DATA SEGMENT
################

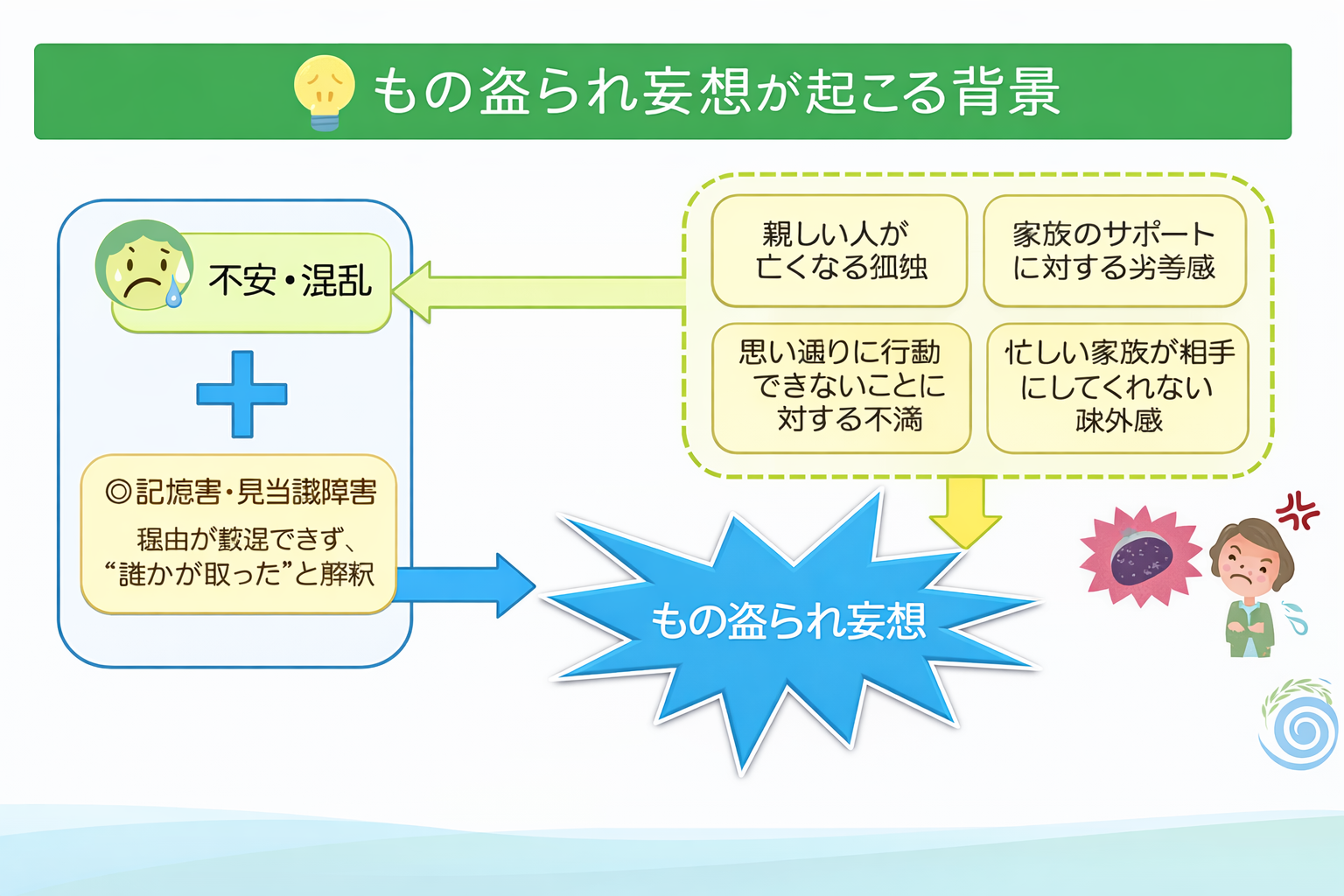 もの盗られ妄想は、不安や混乱、環境の変化などが重なって強く出ることがあります。
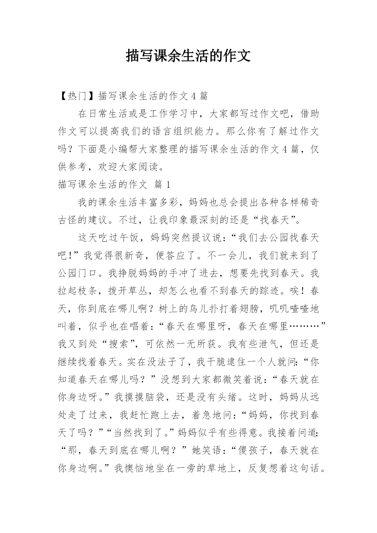描写课余生活的作文【热门】描写课余生活的作文4篇在日常生活或是工作学习中,大家都写过作文吧,借助作文可以提高我们的语言组织能力。那么你有了解过作文吗?下面是小编帮大家整理的描写课余生活的作文4篇,仅供参考,欢迎大家阅读。描写课余生活的作文篇1我的课余生活丰富多彩,妈妈也总会提出各种各样稀奇古怪的建议。不过,让我印象最深刻的还是“找春天”。这天吃过午饭,妈妈突然提议说:“我们去公园找春天吧!”我觉得很新奇,便答应了。不一会儿,我们就来到了公园门口。我挣脱妈妈的手冲了进去,想要先找到春天。我拉起枝条,拨开草丛
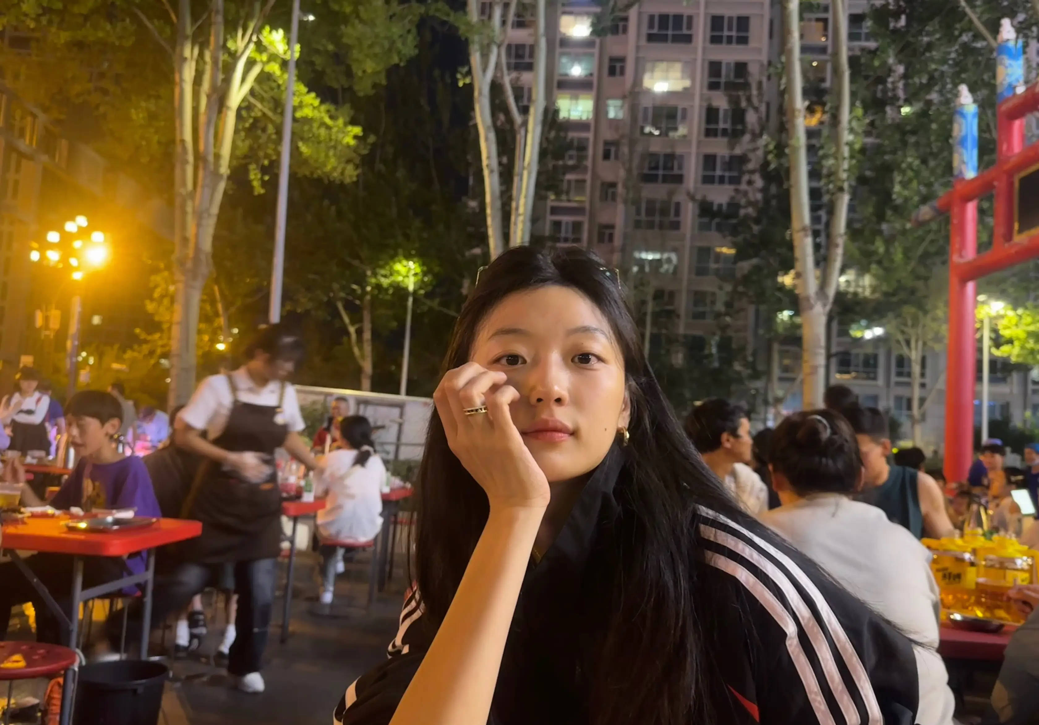 搜狐娱乐讯 8月9日,孙千晒出一组生活照。她身穿三道杠运动服,漫步街头随性松弛,笑容甜美可爱。
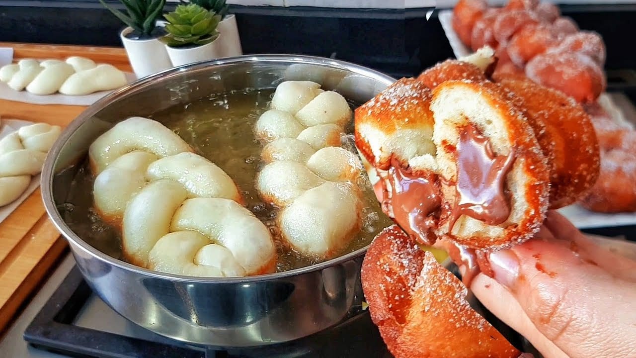 بعد ذلك تشكل الفطائر،قومي بحشوها بالشوكولا،ثم تقلى في زيت ساخن.

################

WHAT YOU WILL DO
Would you reproduce the listing above exactly, without any of its images?

TASK RESPONSE
 もの盗られ妄想は、不安や混乱、環境の変化などが重なって強く出ることがあります。
描写课余生活的作文【热门】描写课余生活的作文4篇在日常生活或是工作学习中,大家都写过作文吧,借助作文可以提高我们的语言组织能力。那么你有了解过作文吗?下面是小编帮大家整理的描写课余生活的作文4篇,仅供参考,欢迎大家阅读。描写课余生活的作文篇1我的课余生活丰富多彩,妈妈也总会提出各种各样稀奇古怪的建议。不过,让我印象最深刻的还是“找春天”。这天吃过午饭,妈妈突然提议说:“我们去公园找春天吧!”我觉得很新奇,便答应了。不一会儿,我们就来到了公园门口。我挣脱妈妈的手冲了进去,想要先找到春天。我拉起枝条,拨开草丛
 搜狐娱乐讯 8月9日,孙千晒出一组生活照。她身穿三道杠运动服,漫步街头随性松弛,笑容甜美可爱。
 بعد ذلك تشكل الفطائر،قومي بحشوها بالشوكولا،ثم تقلى في زيت ساخن.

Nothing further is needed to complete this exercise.